# Look how much little Carlo is changing



## trob1 (Oct 5, 2007)

Here he is when I got him at almost 6 weeks old










Here he is yesterday. Look at all the white coming in on his back and all the black on his chest. He is changing and looking so good.


----------



## goat fever (Oct 18, 2007)

He sure is changing. He is getting mroe more and more handsome everyday.


----------



## mystic's_mom (Oct 5, 2007)

What a lovely looking guy!  My bucky boy is so much more 'fuzzy' you couldn't even really evaluate his conformation right now...Hahaha! I can't wait to clip him down in the spring to see what has become of his structure under all that long hair! :lol:


----------



## trob1 (Oct 5, 2007)

Thanks you two. I think he is just grand. I am gonna try to get a picture of his brother today but with bottle babies that is like pulling teeth. LOL


----------



## LiddleGoteGurl (Nov 29, 2007)

Oh he is soooo pretty!! Very handsome young man .


----------



## goatnutty (Oct 9, 2007)

I agree he is very handsome.


----------



## trob1 (Oct 5, 2007)

Thanks yall. Here they are today checking out a ceder tree I had put in their pasture.


----------



## sweetgoats (Oct 18, 2007)

They just amaze me how they change.

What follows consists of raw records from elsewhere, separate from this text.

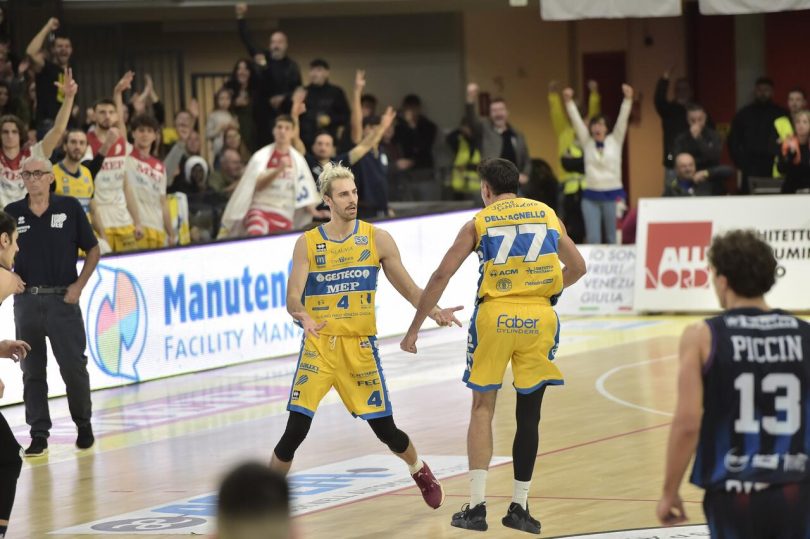 UEB GESTECO CIVIDALE: Lucio Redivo 21 (5/8, 3/10), Gabriele Miani 13 (5/7, 1/3), Derrick Marks 12 (2/5, 2/5), Eugenio Rota 11 (2/3, 1/4), Giacomo Dell’Agnello 10 (3/7, 1/1), Martino Mastellari 7 (2/5, 0/2), Leonardo Marangon 3 (1/3, 0/1), Matteo Berti 0 (0/0, 0/0), Francesco Ferrari 0 (0/0, 0/0), Enrico Micalich 0 (0/0, 0/0), Niccolò Piccionne 0 (0/0, 0/0), Peter Devetta 0 (0/0, 0/0). Allenatore: Stefano Pillastrini. Assistenti: Giovanni Battista Gerometta, Alessandro Zamparini.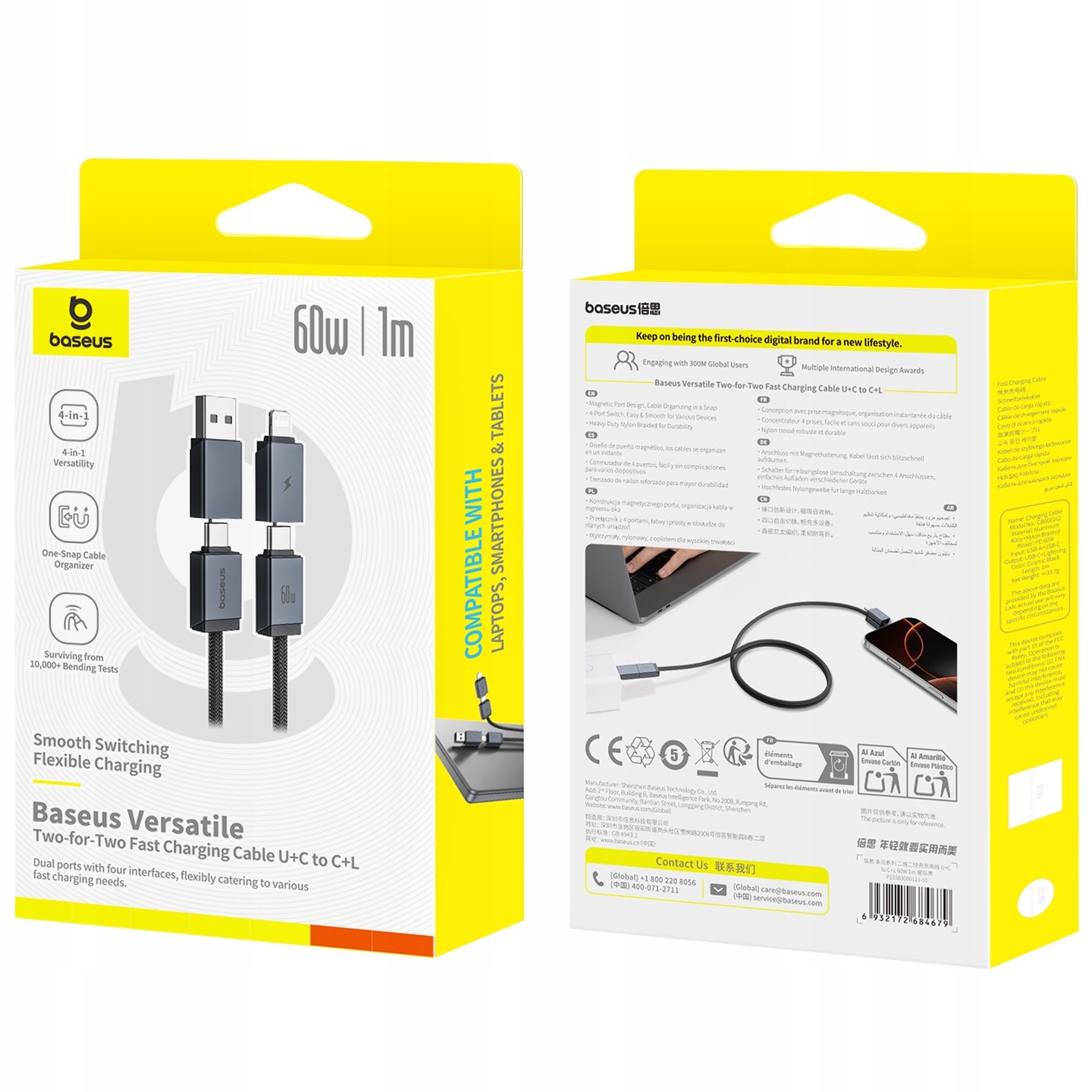 Baseus Versatile Two-for-Two to innowacyjny kabel ładujący 60W, który łączy w sobie aż 4 interfejsy w jednym przewodzie (U+C do C+L). Dzięki temu z łatwością naładujesz różne urządzenia – od smartfonów, przez tablety, aż po laptopy.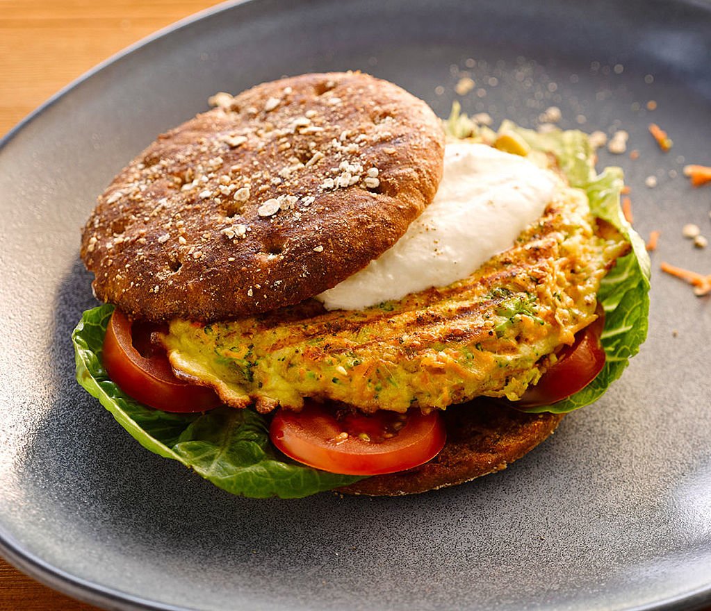 Former un burger veggie avec cette pâte et le faire griller des deux côtés de manière à ce qu’il soit croustillant.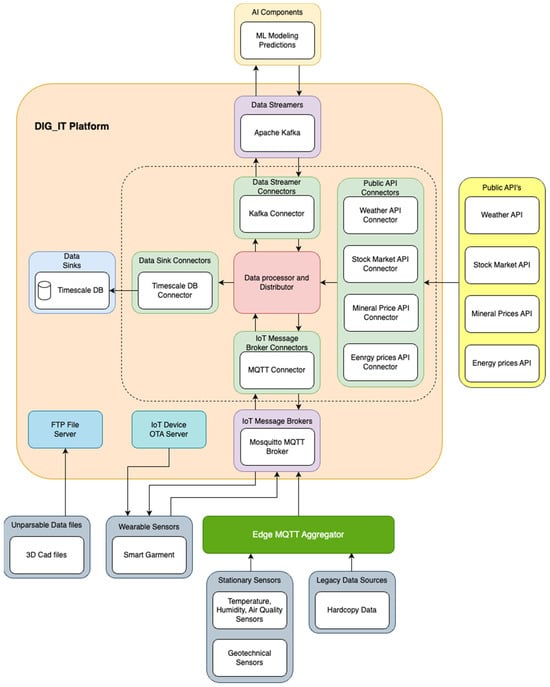 The platform stores data from multiple data sources and sends them to multiple data destinations. All data are stored in a central location and can be accessed by the rest of components and users. Figure 4 summarises the high-level architecture of the platform, and its basic building blocks. The architecture represents a fundamental example of the IoT project that collects various types of data from the processes in the mines, which is why it is used as an example in this study. As shown, the platform consists of advanced components as an MQTT broker, an Apache Kafka (integrated with machine learning modelling, -ML-, and user Interface -UI-), Timescale DB, data connectors (data streamers, data sink, IoT message broker connectors), OTA servers for garment updates, and FTP servers.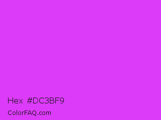 Hex #dc3bf9 Color is a normal purple color and the nearest color is Steel Pink #cc33cc. Hex code #dc3bf9 and RGB value is rgb(220,59,249). In RGB color space, this color is composed of 86% red, 23% green, 98% blue, In CMYK color space, this color is composed of 12% cyan, 76% magenta, 0% yellow , 2% black , In HSL color space, this color has a hue angle of 291° , 94% saturation and 60% lightness.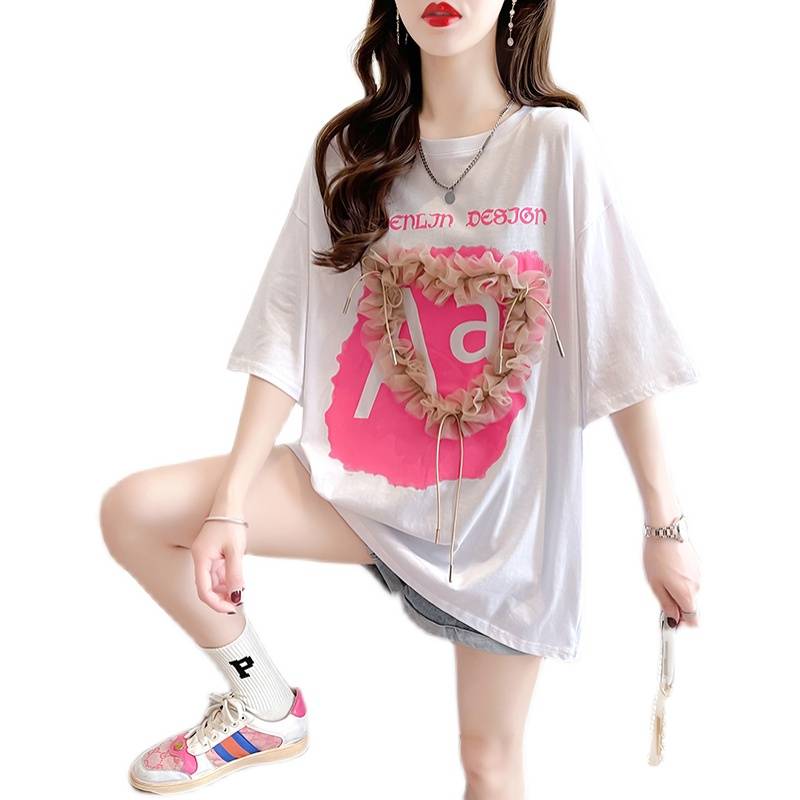 抖音质量纯棉短袖t恤女夏2022潮网纱刺绣花圆领新款上衣大码女装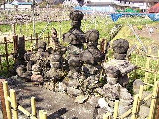 中世の豪族の墓は、屋敷内に設けることが多かった。明治の初年にこの辺りを開墾した時、散乱していた墓石を集め、塚を築いて祭ったものがこの墓地である。各種の宝筐(ほうきょう)印塔や五輪塔などが乱積みされているが誰れの墓であるかは不明である。墓石の材質や様式からして室町時代にさかのぼるものであり、井上氏関係の墓であることは疑いない。 (「井上歴史の道」設置の案内板から)

They change so much and so fast.


----------



## getchagoat (Julie) (Oct 5, 2007)

Like that last picture. They look so 'mighty' when they stand up on their hind legs! Nice looking fella.


----------



## liz (Oct 5, 2007)

WOW, he is a handsome fellow and amazing how their colors change as they get older. My lil' buck is so fuzzy and sticky that you can't even tell what he looks like conformation wise...your lil guy looks great.


----------



## Muddy Creek Farm (Oct 5, 2007)

Handsome guys!


----------



## Hailee's Herd (Oct 5, 2007)

wow! He is a really handsome buck.


----------



## goathappy (Oct 5, 2007)

He sure is handsome!! He looks just like an ober


----------



## StaceyRosado (Oct 5, 2007)

oh he could be Owen's twin! It is amazing how they grow up and turn into bucks. I miss Owen *tears*


----------